New Gwinnett elections board member resigns

Santiago Marquez, left, resigned from the elections board shortly after being appointed. He's pictured with Antonio Molina from the Georgia Hispanic Chamber of Commerce and Tom Andersen and Nick Masino (president and CEO). COURTESY GWINNETT CHAMBER/AJC FILE PHOTO
Santiago Marquez, left, resigned from the elections board shortly after being appointed. He's pictured with Antonio Molina from the Georgia Hispanic Chamber of Commerce and Tom Andersen and Nick Masino (president and CEO). COURTESY GWINNETT CHAMBER/AJC FILE PHOTO

The newest member of the Gwinnett elections board, Santiago Marquez, resigned shortly after being appointed. At a meeting earlier this week, Republican and Democratic board members weren’t sure if they could agree on a new nonpartisan appointee.

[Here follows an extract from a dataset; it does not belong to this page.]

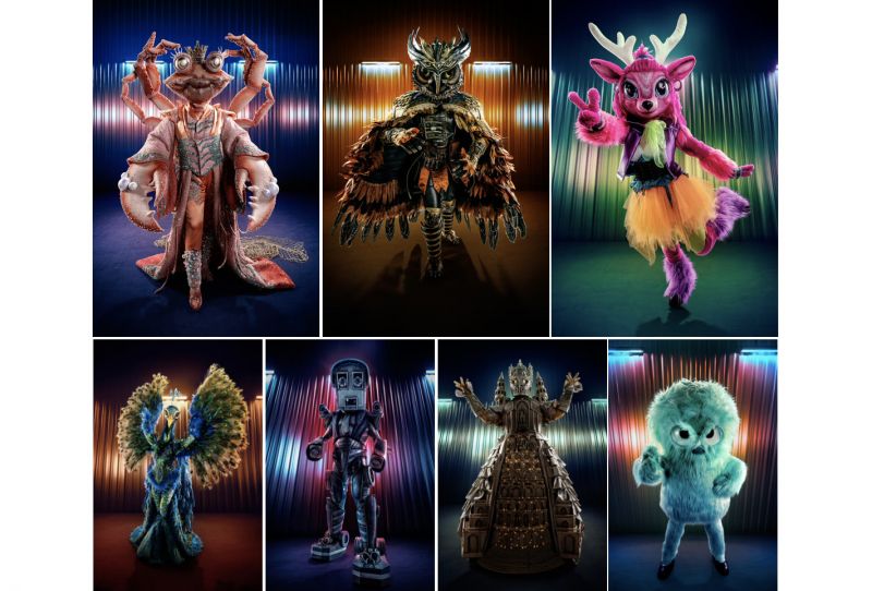 Hier zijn ze dan! King Krab, Oehoe, Bambi, Pauw, Flitser, Château en Pluisje uit 'The Masked Singer'

Marquez, who is the CEO of the Latin American Association, said Friday he stepped down after realizing the amount of work that came with service on the board. He has an 18-year-old daughter who will be going to college out of state next year, and a father with dementia who requires care, Marquez said.

Paired with the demands of his day job, he said he couldn’t devote enough attention to the elections board.

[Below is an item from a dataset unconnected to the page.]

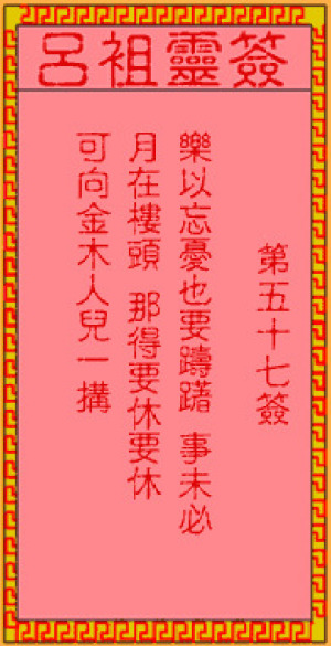 吕祖灵签第五十七签,古人金星戏宝儿,吕祖灵签第57签解签

“They deserve better than somebody who has so many obligations,” he said. “They need somebody who is going to give them undivided attention.”

Marquez, who was chosen in part to give more representation to Hispanic residents, said he thinks “it’s critical” that there be Latino representation on the elections board. Gwinnett is the only county in the state that’s required by federal law to have its election materials printed in Spanish as well as English because of the number of Spanish-speakers in the county.

“Representation is important,” Marquez said, adding that he thinks more Latinos should be running for office in the county.

At a Wednesday meeting, the Republican and Democratic board members weren’t sure if they could agree on a replacement — though they discussed appointing Anthony Rodriguez, co-founder of the Aurora Theater.

Stephen Day, a Democratic appointee, said Rodriguez’s politics were similar to Marquez’s and he was “well-known and well thought-of.”

“He’s a good middle of the road fifth member,” Day said. “I think he would be a tremendous plus for the board.”

Alice O’Lenick, the chair of the elections board and a Republican appointee, said she would put Rodriguez’s name to the Republican party’s executive committee to see if they would support him.

If the four members can’t agree, the appointment would go to a county judge. Marquez was appointed by a judge after the party appointees failed to reach an agreement earlier.